Your task: Please write out the lines of the data exactly, beginning with the first and ending with the line containing "Visit Proof |"; leave the pictures behind.
___ Data
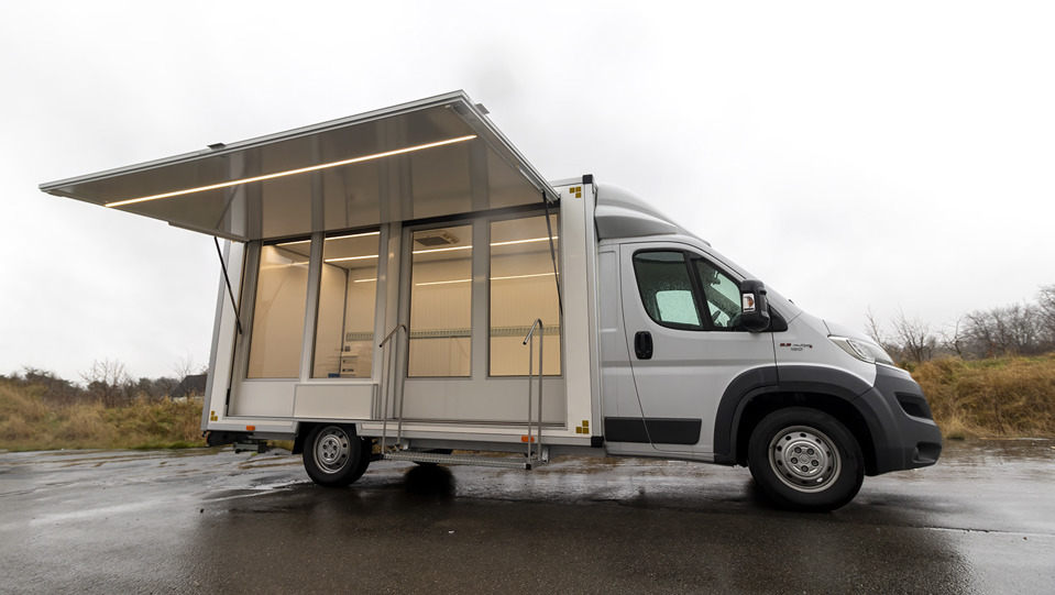 Mässbil baserad på Fiat ducato chassi med stor anpassad sidolucka, lås- & skjutbart glasparti, LED-lister i skåpstak och på lucka, takmonterad air-condition, utdragbart sidotrappsteg för enklare insteg i skåp samt bakre stödben på justerbara svivelfästen för snabb och enkel etablering.
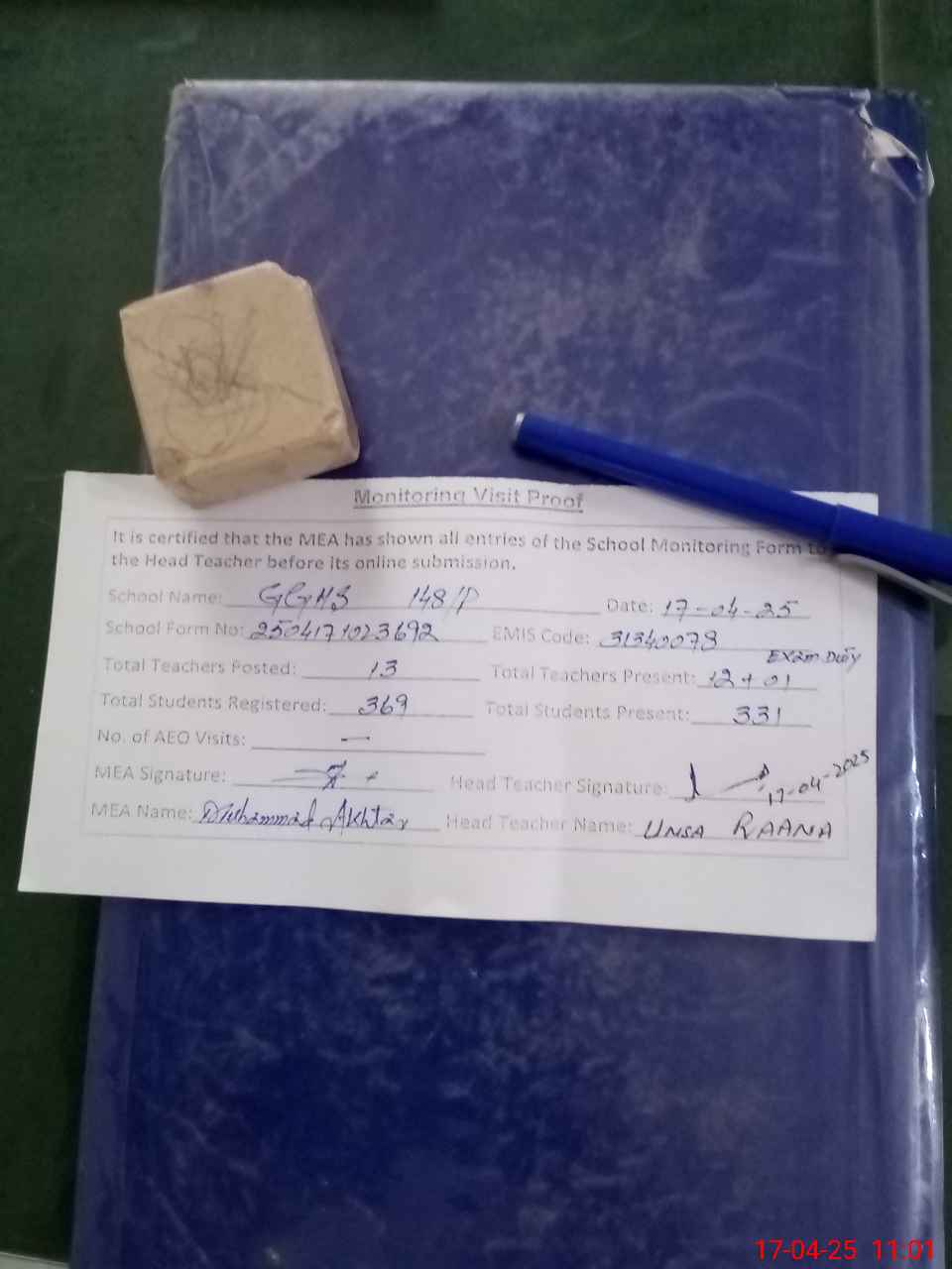 | Attendance Register | Head Teacher | MEA with School | Visit Proof |
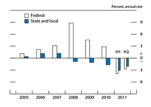 As measured in the national income and product accounts (NIPA), real federal expenditures on consumption and gross investment--the part of federal spending that is a direct component of GDP--decreased at an annual rate of about 3 percent in the second half of 2011, a little less rapidly than in the first half of the year (figure 8). Defense spending fell at an annual rate of about 4 percent in the second half of the year, a somewhat sharper pace of decline than in the first half, while nondefense purchases were unchanged over this period.
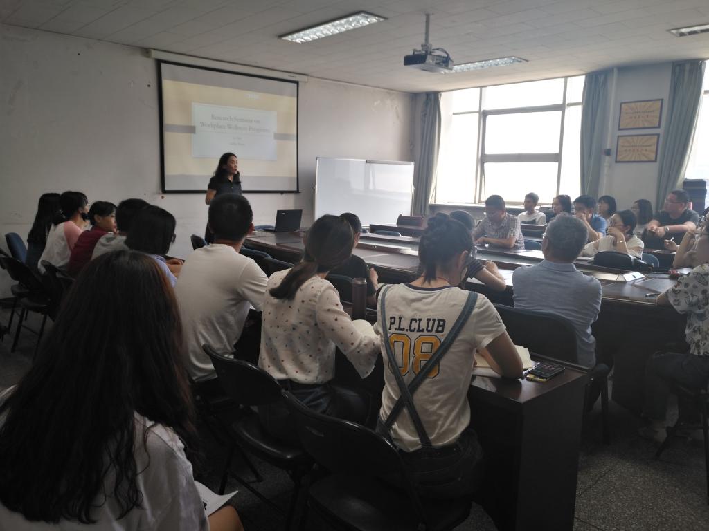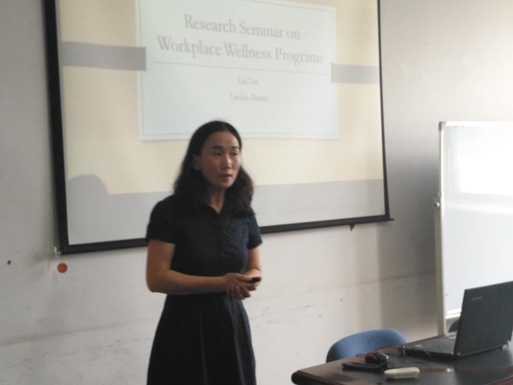 修琳教授从美国医保改革这一大背景出发,指出为了降低医疗保险的费用,提高工作效率,越来越多的美国企业参与到“Wellness Programs”项目中,使用各种方法提高企业员工的健康。修琳教授围绕这一背景,针对美国企业员工如何能更好的参与到“Wellness Programs”项目中并提高企业员工的工作绩效进行了深入研究和探讨。讲座结束之后,老师和员工们与修老师进行了互动交流,提出了各自的疑问,邰秀军教授针对调查对象的控制问题与修琳教授进行了深入的交流,任义科教授对修琳教授所提出的方法与研究方向进行了详细的探讨,对此修老师都一一做了详细的回答。最后,邰老师再次对修琳教授的到来表达了诚挚的感谢,对她的学术报告做了总结,并希望此次报告能给大家有所启发。
______
Exercise solution:
 Mässbil baserad på Fiat ducato chassi med stor anpassad sidolucka, lås- & skjutbart glasparti, LED-lister i skåpstak och på lucka, takmonterad air-condition, utdragbart sidotrappsteg för enklare insteg i skåp samt bakre stödben på justerbara svivelfästen för snabb och enkel etablering.
 | Attendance Register | Head Teacher | MEA with School | Visit Proof |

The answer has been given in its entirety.